─── GIVEN DATA
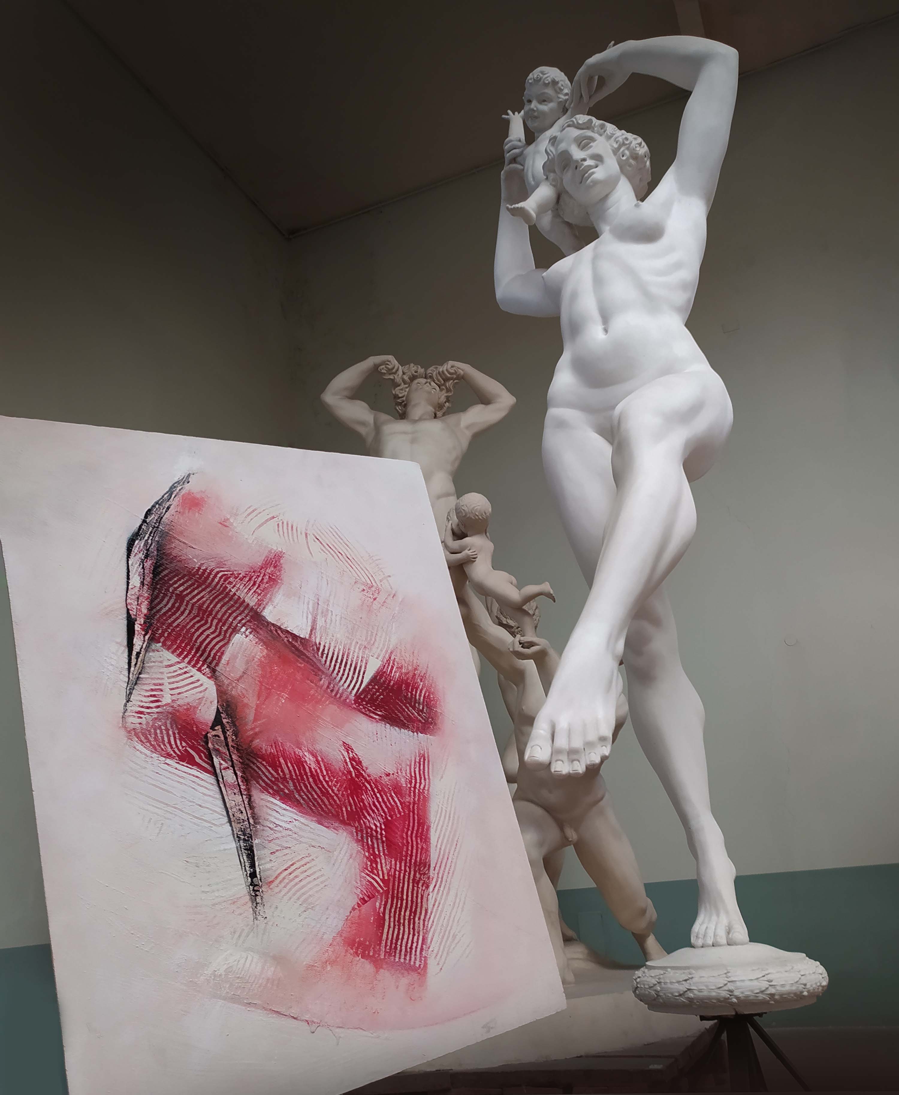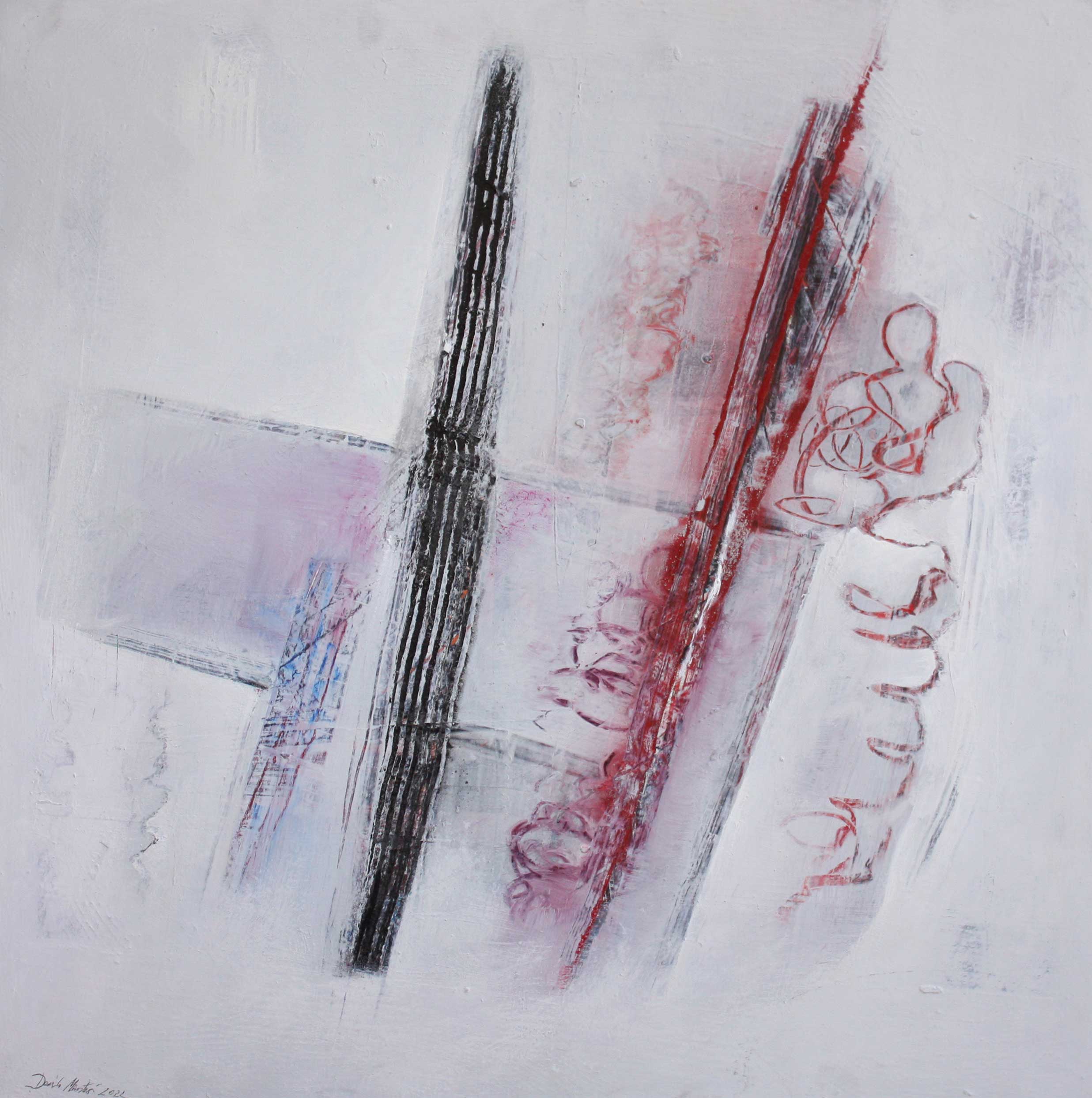 A che cosa serve l’ossessione di Penelope? È risolutiva questa sottomissione al dominio del tempo? Non sarebbe più utile, al contrario, un atto di rivolta violenta come quello di Medea? Oppure non sarebbe, invece, più saggio affidarsi totalmente al Caso, come Arianna, che aspetta dal Caso l’occasione giusta per la sua vendetta? Nelle tele di Danilo Maestosi c’è proprio questa sequenza di domande: la vita è seguire la propria volontà o affidarsi al proprio destino? È meglio essere se stessi o non esserlo? Penelope è una delle prime figure mitiche a porsi questo interrogativo. E, se cercate la risposta, la troverete nelle opere di Danilo Maestosi: la soluzione è essere pronti. Vigili e presenti, accompagnando il Caso con le proprie emozioni che si fanno gesto pittorico. Questo senso hanno le figurazioni “umane” che, di quanto in quando, compaiono qui nei suoi dipinti: sono i contorni di Penelope che osserva, che si adatta al proprio Destino, prende le misure e vive dentro di esso, riversando nella sua tela le rabbie e il coraggio di cui s’è detto.
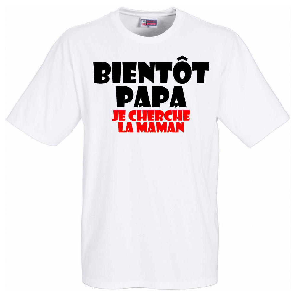 T-shirt blanc "Bientôt Papa Je cherche la Maman"
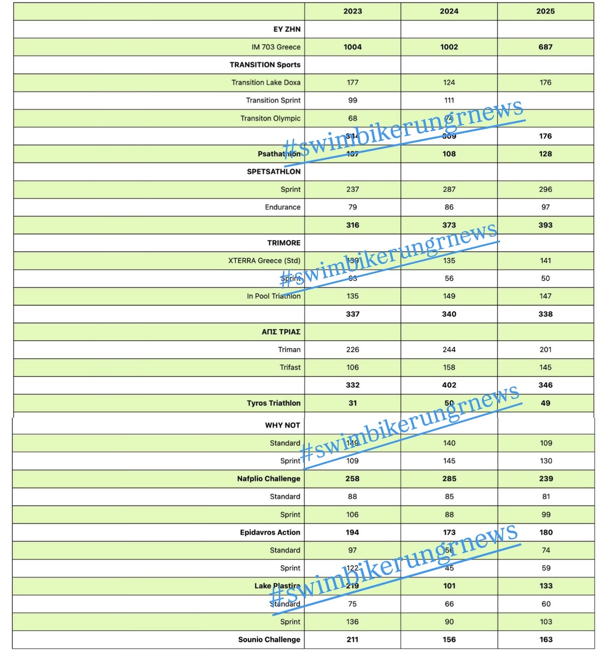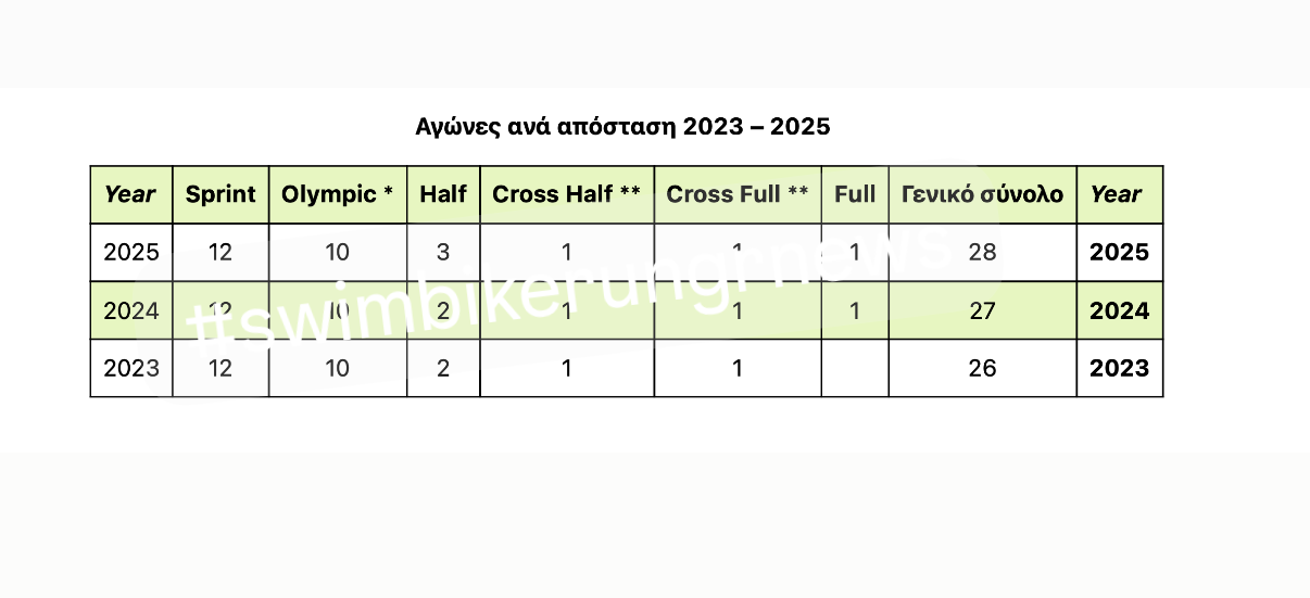 - Μιλάμε φυσικά μόνο για τρίαθλο, όποτε αγώνες Open Water Swimming, Aquathlon, Aquabike … απλά δεν υπάρχουν στην λίστα..
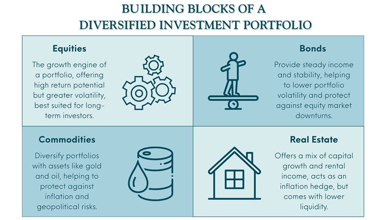 Through a properly diversified mix of equities, bonds, real estate, and commodities, investments can support long-term goals like retirement, education funding, or creating a legacy.
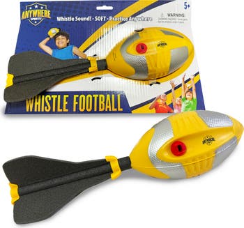 ANYWHERE SPORTS: WHISTLE FOOTBALL - Get ready to level up your backyard games with the Anywhere Sports Soft Foam Whistle Football! This 12-inch wonder zips through the air, producing a playful whistle that turns every throw into an exhilarating experience. Designed to be easy on little hands, our foam football is lightweight, safe, and super comfortable to catch—even for the youngest players. Whether you’re fine-tuning your spiral in the driveway or enjoying a family-friendly match at the park, this whistle football quickly becomes the highlight of any gathering. Kids will love the bright yellow color that really pops against a clear blue sky, while the sleek silver trim adds a dash of style. Plus, parents can rest easy knowing this foam ball keeps everyone’s fun in check—no bruised arms or broken windows here! Recommended for ages 5 and up, it encourages active play, develops coordination, and brings smiles to every pass. Packaged in a vibrant gift box, this whistle football also makes a fantastic birthday or holiday surprise. Anywhere Sports is proudly brought to you by Thin Air Brands, a Colorado USA-based company dedicated to creating innovative, family-friendly toys. Get ready to throw, catch, and whistle your way to endless outdoor fun!
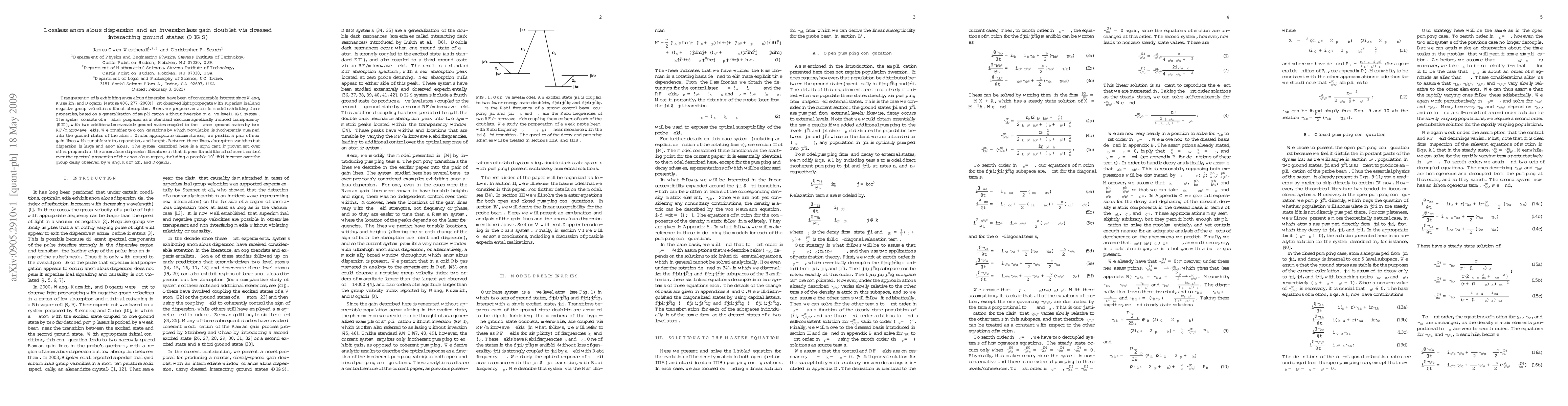 This paper proposes an atomic model based on dressed interacting ground states (DIGS) to achieve lossless anomalous dispersion and inversionless gain doublets, significantly improving group delay control compared to previous methods. The model utilizes a five-level system with electromagnetically induced transparency and additional metastable ground states, enabling tunable gain lines and superluminal propagation without absorption.
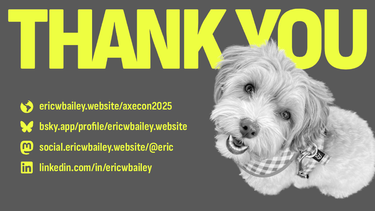This talk, including the references and resources displayed, and the background research that went into it are listed on my site, which is eric w bailey dot website forward slash a 1 1 y t o c o n f 2 0 2 5. There are also ways to contact me there, including, Bluesky, Mastodon and regrettably, LinkedIn.
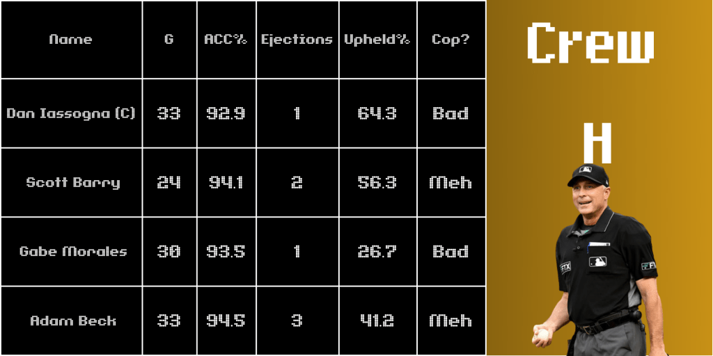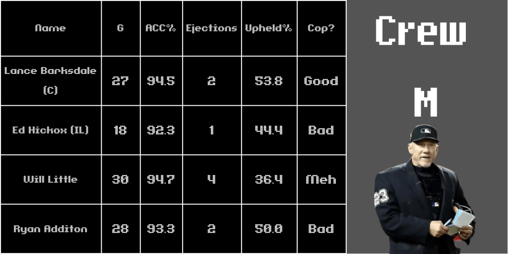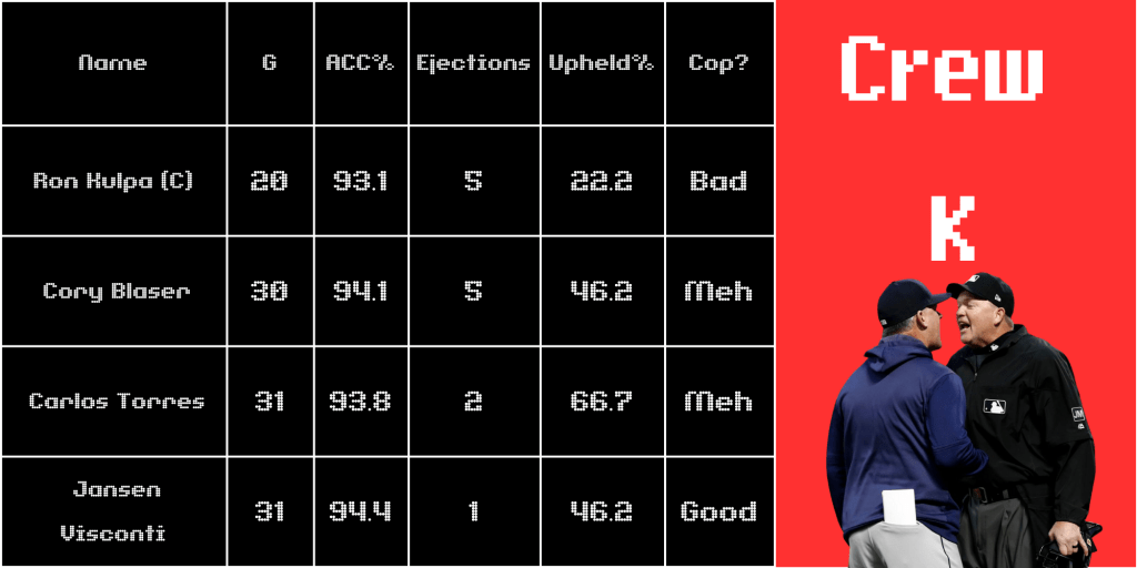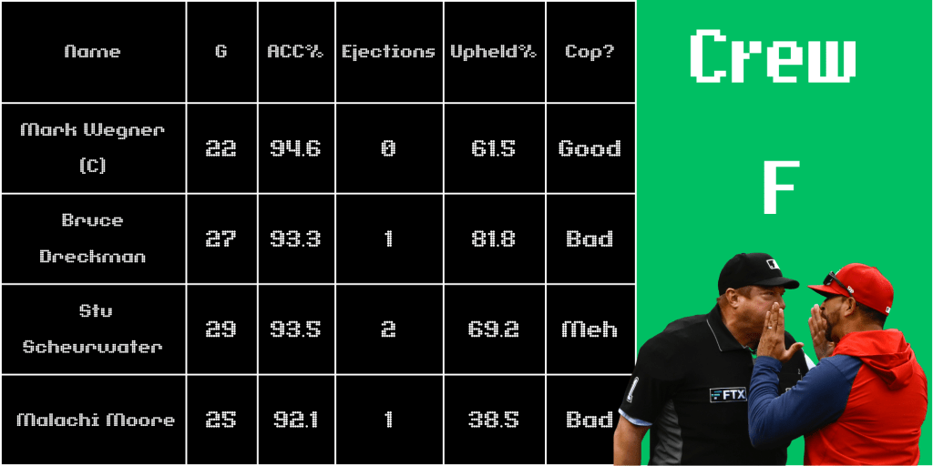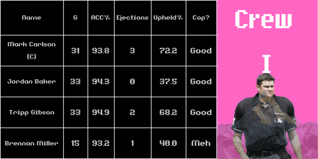 This will be one of the best crews out there as well. Chris Conroy is a ginormous fucking stoic stone statue. He’s 6’4” and built, and at 48 he gets crew chief honors. Good for him, he’s even-tempered and calming, with the most bombastic of his ejections coming when he correctly called runner’s lane interference on Trea Turner in 2021. Well, he did have this ejection of David Ross who correctly pointed out that Conroy’s crew didn’t convene on a HBP. Despite all this he has normal numbers posting a 93.6% ACC, but his xACC was 92.9, meaning he called more tough pitches around the edges than his colleagues.
──────
* PROBLEM REQUIREMENTS *
From the first line to the last, reproduce the records above exactly and skip the pictures.

* RESPONSE FOR THIS EXERCISE *
 A che cosa serve l’ossessione di Penelope? È risolutiva questa sottomissione al dominio del tempo? Non sarebbe più utile, al contrario, un atto di rivolta violenta come quello di Medea? Oppure non sarebbe, invece, più saggio affidarsi totalmente al Caso, come Arianna, che aspetta dal Caso l’occasione giusta per la sua vendetta? Nelle tele di Danilo Maestosi c’è proprio questa sequenza di domande: la vita è seguire la propria volontà o affidarsi al proprio destino? È meglio essere se stessi o non esserlo? Penelope è una delle prime figure mitiche a porsi questo interrogativo. E, se cercate la risposta, la troverete nelle opere di Danilo Maestosi: la soluzione è essere pronti. Vigili e presenti, accompagnando il Caso con le proprie emozioni che si fanno gesto pittorico. Questo senso hanno le figurazioni “umane” che, di quanto in quando, compaiono qui nei suoi dipinti: sono i contorni di Penelope che osserva, che si adatta al proprio Destino, prende le misure e vive dentro di esso, riversando nella sua tela le rabbie e il coraggio di cui s’è detto.
 T-shirt blanc "Bientôt Papa Je cherche la Maman"
 - Μιλάμε φυσικά μόνο για τρίαθλο, όποτε αγώνες Open Water Swimming, Aquathlon, Aquabike … απλά δεν υπάρχουν στην λίστα..
 Through a properly diversified mix of equities, bonds, real estate, and commodities, investments can support long-term goals like retirement, education funding, or creating a legacy.
 ANYWHERE SPORTS: WHISTLE FOOTBALL - Get ready to level up your backyard games with the Anywhere Sports Soft Foam Whistle Football! This 12-inch wonder zips through the air, producing a playful whistle that turns every throw into an exhilarating experience. Designed to be easy on little hands, our foam football is lightweight, safe, and super comfortable to catch—even for the youngest players. Whether you’re fine-tuning your spiral in the driveway or enjoying a family-friendly match at the park, this whistle football quickly becomes the highlight of any gathering. Kids will love the bright yellow color that really pops against a clear blue sky, while the sleek silver trim adds a dash of style. Plus, parents can rest easy knowing this foam ball keeps everyone’s fun in check—no bruised arms or broken windows here! Recommended for ages 5 and up, it encourages active play, develops coordination, and brings smiles to every pass. Packaged in a vibrant gift box, this whistle football also makes a fantastic birthday or holiday surprise. Anywhere Sports is proudly brought to you by Thin Air Brands, a Colorado USA-based company dedicated to creating innovative, family-friendly toys. Get ready to throw, catch, and whistle your way to endless outdoor fun!
 This paper proposes an atomic model based on dressed interacting ground states (DIGS) to achieve lossless anomalous dispersion and inversionless gain doublets, significantly improving group delay control compared to previous methods. The model utilizes a five-level system with electromagnetically induced transparency and additional metastable ground states, enabling tunable gain lines and superluminal propagation without absorption.
This talk, including the references and resources displayed, and the background research that went into it are listed on my site, which is eric w bailey dot website forward slash a 1 1 y t o c o n f 2 0 2 5. There are also ways to contact me there, including, Bluesky, Mastodon and regrettably, LinkedIn.
 This will be one of the best crews out there as well. Chris Conroy is a ginormous fucking stoic stone statue. He’s 6’4” and built, and at 48 he gets crew chief honors. Good for him, he’s even-tempered and calming, with the most bombastic of his ejections coming when he correctly called runner’s lane interference on Trea Turner in 2021. Well, he did have this ejection of David Ross who correctly pointed out that Conroy’s crew didn’t convene on a HBP. Despite all this he has normal numbers posting a 93.6% ACC, but his xACC was 92.9, meaning he called more tough pitches around the edges than his colleagues.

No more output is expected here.